* TASK PROMPT: Each record below needs to be reproduced precisely, though not its pictures.

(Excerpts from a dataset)
◆ ◆ ◆ ◆

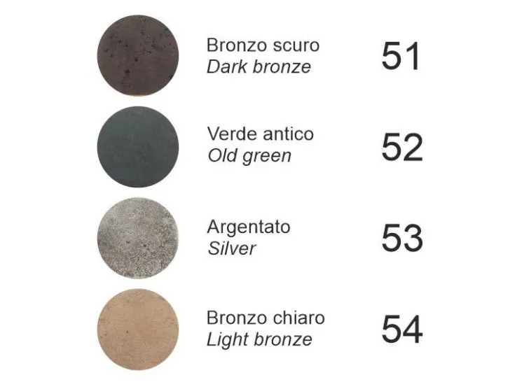 * 54 - Light Bronze, это очень светлая отделка, демонстрирующая естественный цвет бронзы, которая со временем темнеет. Не используются краски, а только натуральный защитный воск.<бром/>• 52 - Old Green, который воссоздает окисленный эффект путем ручного нанесения натуральной патины.
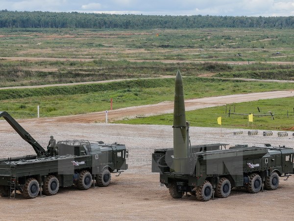Tên lửa chiến thuật Iskander-M của quân đội Nga trong cuộc diễn tập tại Kubinka, Nga, ngày 9/9. (Nguồn: EPA/TTXVN)
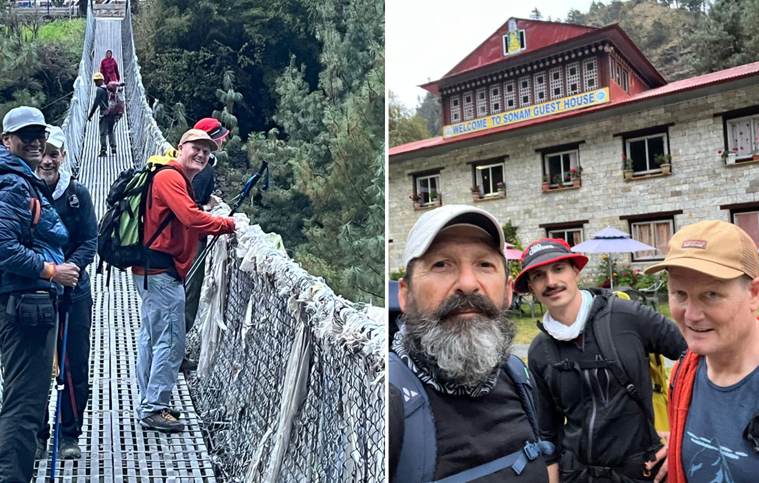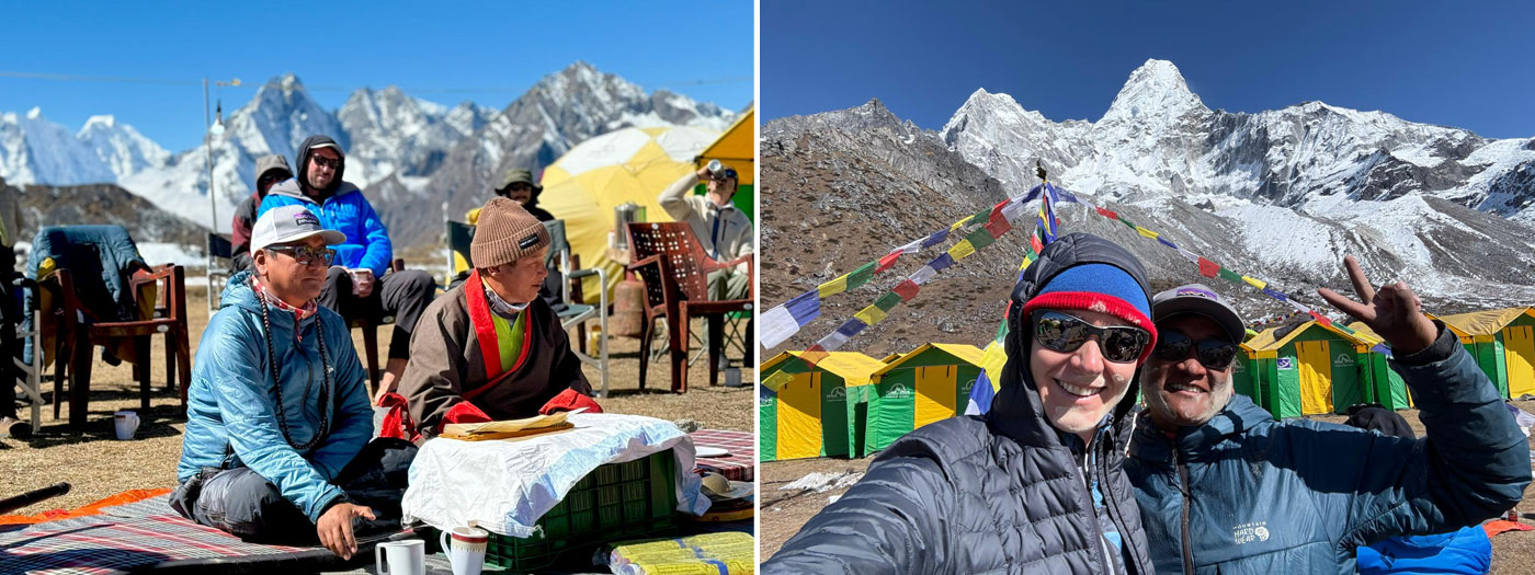 Our Ama Dablam only team woke up on a gorgeous sunny morning in Namche and enjoyed the walk along the chorten dotted Kangzoma ridge and down through the Hemlock forest to Fungki Tangka for a delicious lunch at the base of what must be the Khumbu Valley’s largest Hemlock tree. Incredible views of all of the mountain peaks including Everest, Ama Dablam and Thamserku dominated the skyline all around. Then we climbed up the massive Tengboche Hill, to enjoy exploring around the Tengboche Gompa and enjoy cappuccino and chocolate cake. Yes, even here! Following the path down through the Rhodendrons to Deboche Village, we crossed the Dudh Khosi on a suspension bridge and then climbed through rocky steps up to Pangboche Village. Its really good to be here in the super comfortable Sonam Lodge with such stunning views of Everest, Lhotse, Nuptse, and Tawoche, right at the base of Ama Dablam. Welcome!
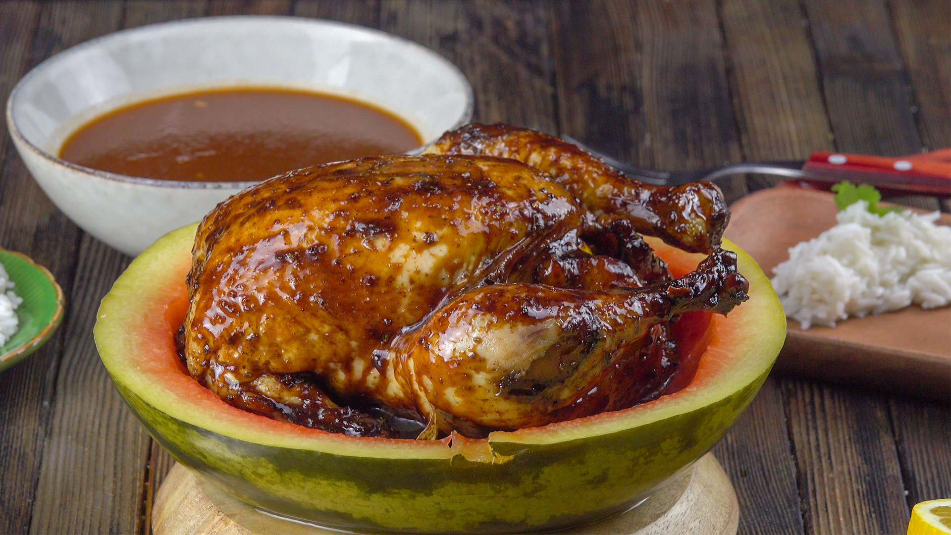 8.) Melonen-Hähnchen Wassermelone ist die perfekte Sommerfrucht! Nicht nur besteht das Fruchtfleisch zu rund 96 % aus Wasser, von dem man bei hohen Temperaturen unbedingt viel zu sich nehmen sollte. Das Obst enthält außerdem wertvolles Vitamin A und C, Protein sowie Antioxidantien. Dieses Rezept beweist, dass die grüne Kugel auch richtig flexibel ist: Du kannst nämlich mindestens ein sehr leckeres Hauptgericht mit ihr zaubern. Die Melone dient dabei als Form und bietet zugleich einen Zusatz zur Soße!
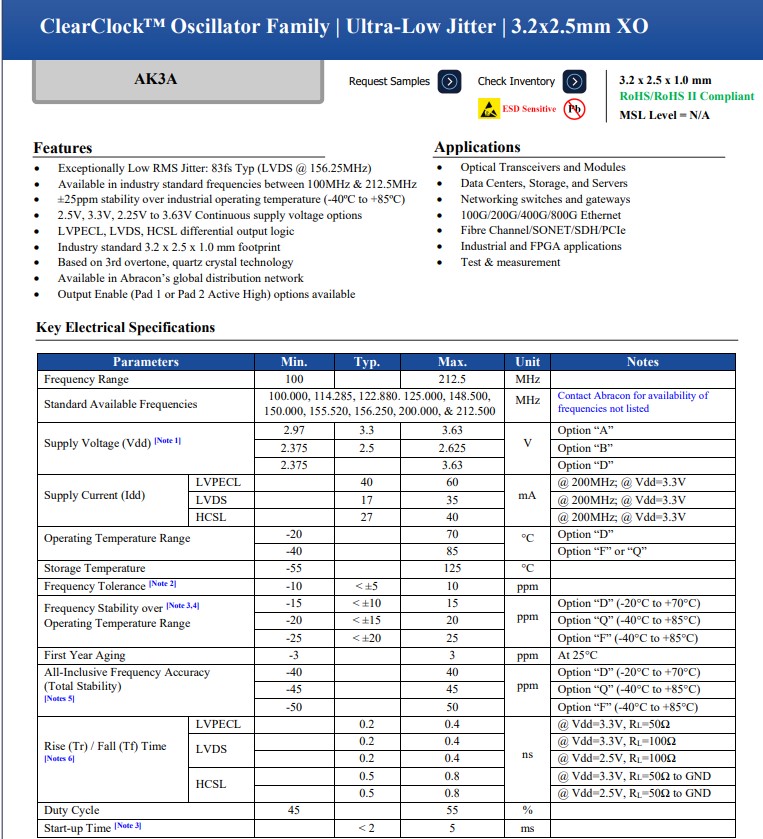 Abracon晶振AK3A是一款超低抖動(dòng)石英晶體振蕩器,旨在為數(shù)據(jù)中心、100G/400G/800G以太網(wǎng)和光模塊等高速應(yīng)用提供穩(wěn)定、精確的時(shí)鐘信號。該器件使用第三泛音技術(shù)來實(shí)現(xiàn)64fs抖動(dòng)性能和更低的功耗。作為我們的延伸ClearClock系列,非常適合需要100至212.5MHz載波頻率和400Gbps通道速率的應(yīng)用。AK3A有源石英晶振是緊湊型設(shè)計(jì)的完美解決方案,因?yàn)樗С?.2x2.5mm的行業(yè)標(biāo)準(zhǔn)尺寸,但與AK2和AX3系列相比,抖動(dòng)性能大幅提高。這些系列的振蕩器可在Abracon的全球分銷網(wǎng)絡(luò)中獲得,并提供各種輸出邏輯,如LVPECL、LVDS和HCSL。這些器件在提供可靠、高效振蕩的同時(shí),可以在-40°C至+85°C的工作溫度范圍內(nèi)保持25ppm的穩(wěn)定性,在-20°C至+70°C的工作溫度范圍內(nèi)保持15ppm的穩(wěn)定性。光學(xué)收發(fā)器和光模塊應(yīng)用晶振AK3APAF1-156.2500T3

◆ ◆ ◆ ◆

* EXERCISE OUTPUT:
 * 54 - Light Bronze, это очень светлая отделка, демонстрирующая естественный цвет бронзы, которая со временем темнеет. Не используются краски, а только натуральный защитный воск.<бром/>• 52 - Old Green, который воссоздает окисленный эффект путем ручного нанесения натуральной патины.
Tên lửa chiến thuật Iskander-M của quân đội Nga trong cuộc diễn tập tại Kubinka, Nga, ngày 9/9. (Nguồn: EPA/TTXVN)
 Our Ama Dablam only team woke up on a gorgeous sunny morning in Namche and enjoyed the walk along the chorten dotted Kangzoma ridge and down through the Hemlock forest to Fungki Tangka for a delicious lunch at the base of what must be the Khumbu Valley’s largest Hemlock tree. Incredible views of all of the mountain peaks including Everest, Ama Dablam and Thamserku dominated the skyline all around. Then we climbed up the massive Tengboche Hill, to enjoy exploring around the Tengboche Gompa and enjoy cappuccino and chocolate cake. Yes, even here! Following the path down through the Rhodendrons to Deboche Village, we crossed the Dudh Khosi on a suspension bridge and then climbed through rocky steps up to Pangboche Village. Its really good to be here in the super comfortable Sonam Lodge with such stunning views of Everest, Lhotse, Nuptse, and Tawoche, right at the base of Ama Dablam. Welcome!
 8.) Melonen-Hähnchen Wassermelone ist die perfekte Sommerfrucht! Nicht nur besteht das Fruchtfleisch zu rund 96 % aus Wasser, von dem man bei hohen Temperaturen unbedingt viel zu sich nehmen sollte. Das Obst enthält außerdem wertvolles Vitamin A und C, Protein sowie Antioxidantien. Dieses Rezept beweist, dass die grüne Kugel auch richtig flexibel ist: Du kannst nämlich mindestens ein sehr leckeres Hauptgericht mit ihr zaubern. Die Melone dient dabei als Form und bietet zugleich einen Zusatz zur Soße!
 Abracon晶振AK3A是一款超低抖動(dòng)石英晶體振蕩器,旨在為數(shù)據(jù)中心、100G/400G/800G以太網(wǎng)和光模塊等高速應(yīng)用提供穩(wěn)定、精確的時(shí)鐘信號。該器件使用第三泛音技術(shù)來實(shí)現(xiàn)64fs抖動(dòng)性能和更低的功耗。作為我們的延伸ClearClock系列,非常適合需要100至212.5MHz載波頻率和400Gbps通道速率的應(yīng)用。AK3A有源石英晶振是緊湊型設(shè)計(jì)的完美解決方案,因?yàn)樗С?.2x2.5mm的行業(yè)標(biāo)準(zhǔn)尺寸,但與AK2和AX3系列相比,抖動(dòng)性能大幅提高。這些系列的振蕩器可在Abracon的全球分銷網(wǎng)絡(luò)中獲得,并提供各種輸出邏輯,如LVPECL、LVDS和HCSL。這些器件在提供可靠、高效振蕩的同時(shí),可以在-40°C至+85°C的工作溫度范圍內(nèi)保持25ppm的穩(wěn)定性,在-20°C至+70°C的工作溫度范圍內(nèi)保持15ppm的穩(wěn)定性。光學(xué)收發(fā)器和光模塊應(yīng)用晶振AK3APAF1-156.2500T3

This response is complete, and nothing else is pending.